The Finance Act has further reduced the timelines for completion of tax assessment from 12 months to 9 months, from the A.Y. 2021-22 onwards. As such, the timeline for completion of assessment for Assessment Year 2021-22 shall be December 31, 2022.

The objective is to improve the efficiency and efficacy of the tax department due to computerization of processes under the Indian Income-tax Act.

Amendments relating to Tax Audit and Presumptive Scheme

In order to ease compliance burden, the monetary threshold for undergoing Tax Audit for a person carrying on business has been relaxed from INR 50 Million to INR 100 Million. However, this shall be applicable only to those assessees, in case of whom, at least 95% of receipts and payments are through modes other than cash.

It has also been provided that in case of payments/ receipts by way of a cheque or a bank draft which is not ‘account payee’, the same shall be deemed as a transaction in cash.

This amendment shall be applicable from AY 2021-22 onwards.

Furthermore, under Section 44ADA, a presumptive scheme of taxation is provided for residents engaged in specified professions. It has been clarified that such scheme is not applicable to Limited Liability Partnerships. This amendment shall be applicable from AY 2021-22 onwards.

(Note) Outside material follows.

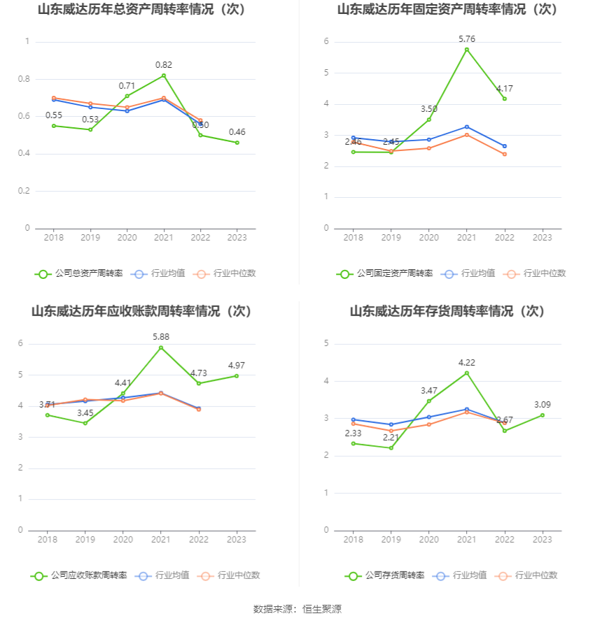 营运才气方面,2023年,公司公司总钞票盘活率为0.46次,上年同时为0.50次(2022年行业平均值为0.56次,公司位居同业业51/78);公司应收账款盘活率、存货盘活率区分为4.97次、3.09次。

Amendments in Return Filing Procedure

Under the erstwhile provisions of section 139, a belated return (i.e. a return filed beyond the due date prescribed under law) or a revised return could be filed by the end of the relevant assessment year or before completion of assessment, whichever is earlier. Thus, under the erstwhile provisions, if a company’s due date for filing a tax return for AY 2021-22 (Financial Year 2020-21) is November 30, 2021, a belated return or a revised return could be filed latest by March 31, 2022 (end of assessment year).

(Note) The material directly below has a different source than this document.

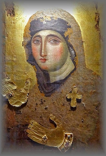 Esta imagen se encuentra en el Monasterio de Santa Catalina cerca del monte Sinaí y data del siglo VI. Al rededor de María y Jesús están San Teodoro de Amasea, San Jorge y dos ángeles. También se puede apreciar una mano en la parte superior de la imagen (¿Será Dios Padre?)

The Finance Act has amended the aforesaid time to three months prior to the end of the assessment year or before the completion of assessment, whichever is earlier. Thus, under this amendment, a belated return or a revised return can be filed only by December 31, 2021 instead of March 31, 2022 as per the earlier timeline. Consequential amendments have also been made to Section 234F, which stipulated a late filing fee, where a return was filed after December 31 but on or before March 31 of the subsequent year.

This amendment shall be applicable to all classes of taxpayers and shall take effect from April 01, 2021.

In case of taxpayers where the provisions of transfer pricing are applicable, the due date for filing tax return is 30th November following the end of financial year. It has also been provided that where such due date is applicable for firms (including LLPs), such due date shall also be applicable for its partners with effect from April 01, 2021.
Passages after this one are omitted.